Духовно побратимы и мы с автором. Может потому, что прямо иди косвенно исходим от конгениальных источников – Льва Толстого и Федора Достоевского. К тому же, как в предке Евгения Черносвитова углядели «шпиона», так и обо мне нынешние антирусские силы наверняка думают не иначе, ежели потребовали в письменном виде заявления, что НИКОГДА НЕ ИСПРОШУ у России гражданства, у этой вынужденно покинутой в 1975-м сорваны! У обоих нас по книжке о В.М. Шукшине. Мы с ним, к тому же, чуть не породнились кровно сестрицами...Да и автограф тёзки – лыко в ту же строку: «Брату Жене от брата Жени, Вертлибу от Черносвитова. В канун 2021. Помню, люблю, обнимаю». Не иначе как зигзаг сближения судеб в исторической перспективе. Нельзя не согласиться с автором книги, что «история персонифицируется в людях и, как они, обретает свою биографию».Рафаил Александрович Черносвитов, посетитель «пятниц» М.В.Петрашевского, военно-судебной комиссией был сослан на пять лет в Кекстольмскую крепость.

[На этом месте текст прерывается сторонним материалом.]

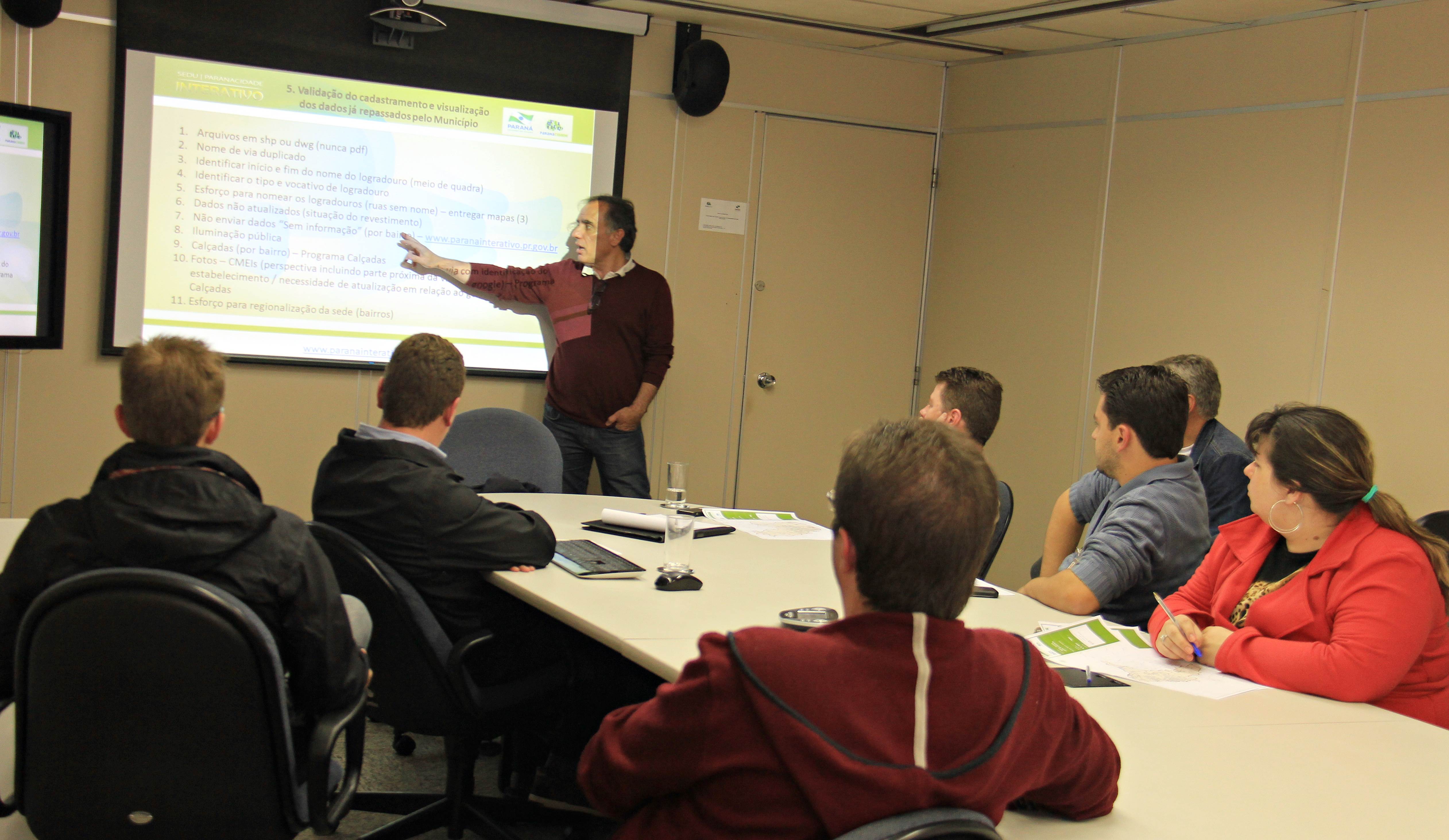 O desenvolvimento de ferramentas de georreferênciamento e a necessidade de agregar dados e conhecimentos sobre o próprio município e os vizinhos foram mostrados em mais uma reunião técnica sobre o Sistema SEDU/Paranacidade Interativo Nesta quinta-feira, 03, técnicos de nove municípios se reuniram para receberem novas informações, nas dependências do Serviço Social Autônomo/ Paranacidade, no mesmo prédio da Secretaria de Desenvolvimento Urbano (SEDU), em Curitiba.

Исторические перипетии, изъятость из родной почвы, вылом из корневой родословной системы предков и традиций и вынужденное существование скитальцем в чужом облике -- увечило наше сознание, ломанное через колено вместе Россией в 1917-м и 1991-м. В 1960-70-е годы мы, тогда самиздатствующие творцы в России, остро переживали эту незаживающе ноющую проблематику этико-гражданской самоидентификации: ВСЕ ИСКАЛИ ОТЦА ПЕРВОРОДСТВА, во истину производного ВСЕГО. Писатель Владимир Марамзин, автор «Блондина обеего цвета» в качестве «как бы предисловия» так и сформулировал диагноз нашей экзистенциальной «безотцовщины»: «Распад российского сознания», апеллируя к смысловой фразе Бориса Вахтина «Все мы ищем отца, потому что потеряли мужество».

Известному литератору, ученому и педагогу Евгению Черносвитову хватило духа и пороха в пороховнице в пространстве книги спуститься «к себе» -- в преисподнюю к петрашевским первоистокам – осветить по-новому деяния своего славного предка Р.А. Черносвитова.

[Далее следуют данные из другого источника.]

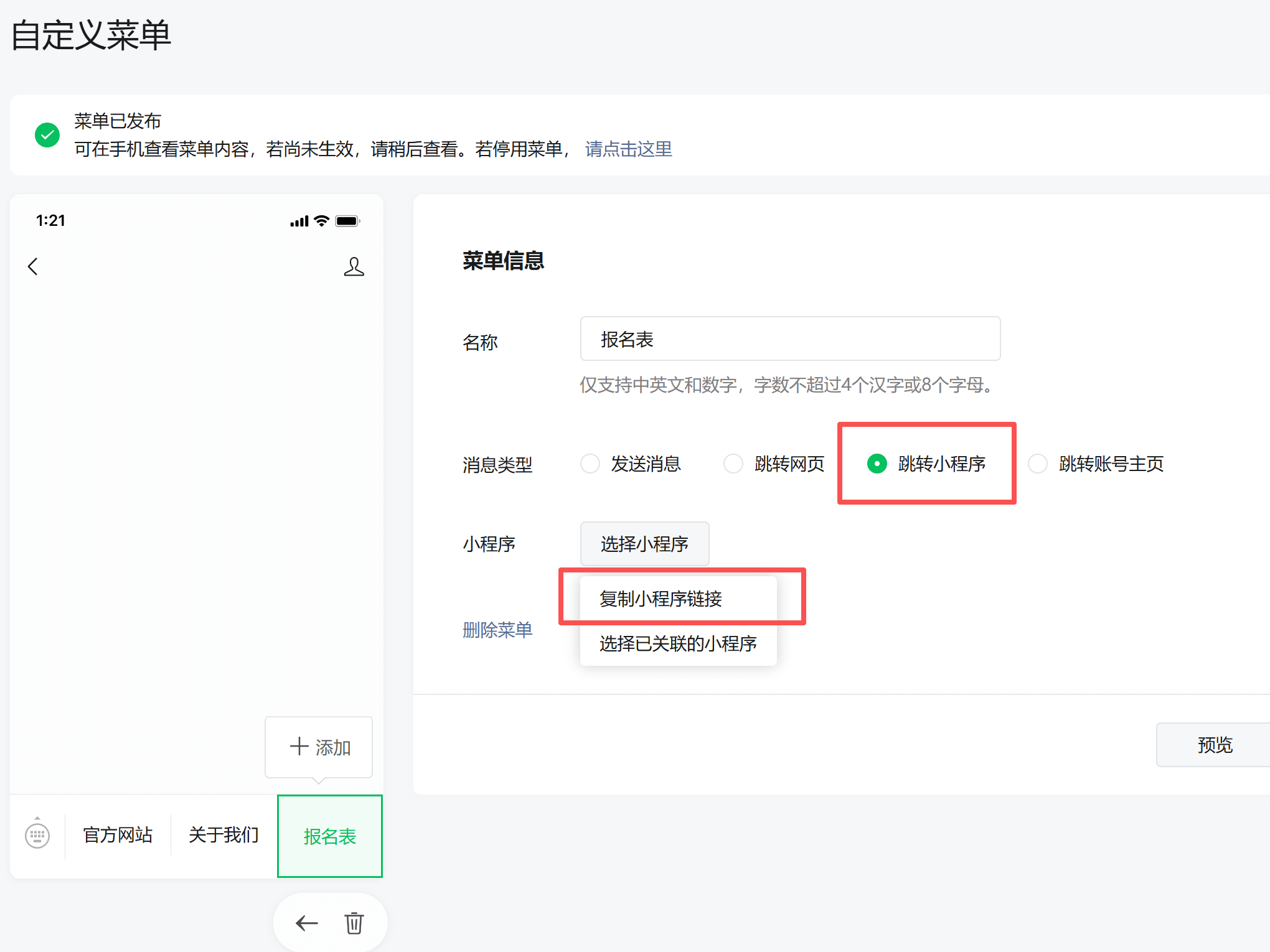 回到公众平台添加菜单,类型选择跳转小程序,然后选择复制小程序链接

В названии книги «Петрашевцы и Мы» оба слова с заглавной буквы. В этом очевиден намёк на исторический фразеологизм «Мы, Николай Второй» - выражение от официального титула последнего русского императора Николая II (1868 – 1918). Самим заглавным «Мы» высокотитульность предка коррелирует тем самым с достоинством его потомка. Ведь в нынешней сигнальной системе «Мы» - индикатор чуть ли не социальной патологии - «мании величия». Моя ассоциация- как у поэта Осипа Мандельштама в «Египетской марке»: «Господи! Не сделай меня похожим на Парнока! Дай мне силы отличить себя от него». Ведь и Парнок, и Мандельштам лишены биографии, биография (жизнь) заменена: у них - книгами, у нас – прокатом чужой судьбы. Черты характера Парнока прописаны Достоевским и Гоголем. Функция этого «Мы» здесь - значит не поддаться соблазну множить выводы «образованщины» (словечко А.И. Солженицына) о «деле Петрашевцев». А переосмыслить догматическую залежь вранья по этому вопросу. И усилия осковского предка Евгения стоят того, ибо Р.А.Черносвитов – личность удивительная и судьбы необычной. Он, как полагает академик МюВюНечкина, одним из первых назвал восставших на Сенатской площади «декабристами». И ещё. «Мы» - как романная антиутопия Евгения Замятина – прообраз коммунизма, но без человеческого лица. Перед этим вечным вопросом выбора русской политической мысли – ИКОНА ИЛИ ТОПОР - наш сокамерник Достоевского по Петропавловке остановится не на бунте, а на смирении. Декабристы стояли перед развилкой русского пути. Образы антиутопии «Мы» Евгения Замятина русской2 интеллигенции только снились – для одних как дурной сон, для других – как светлое будущее.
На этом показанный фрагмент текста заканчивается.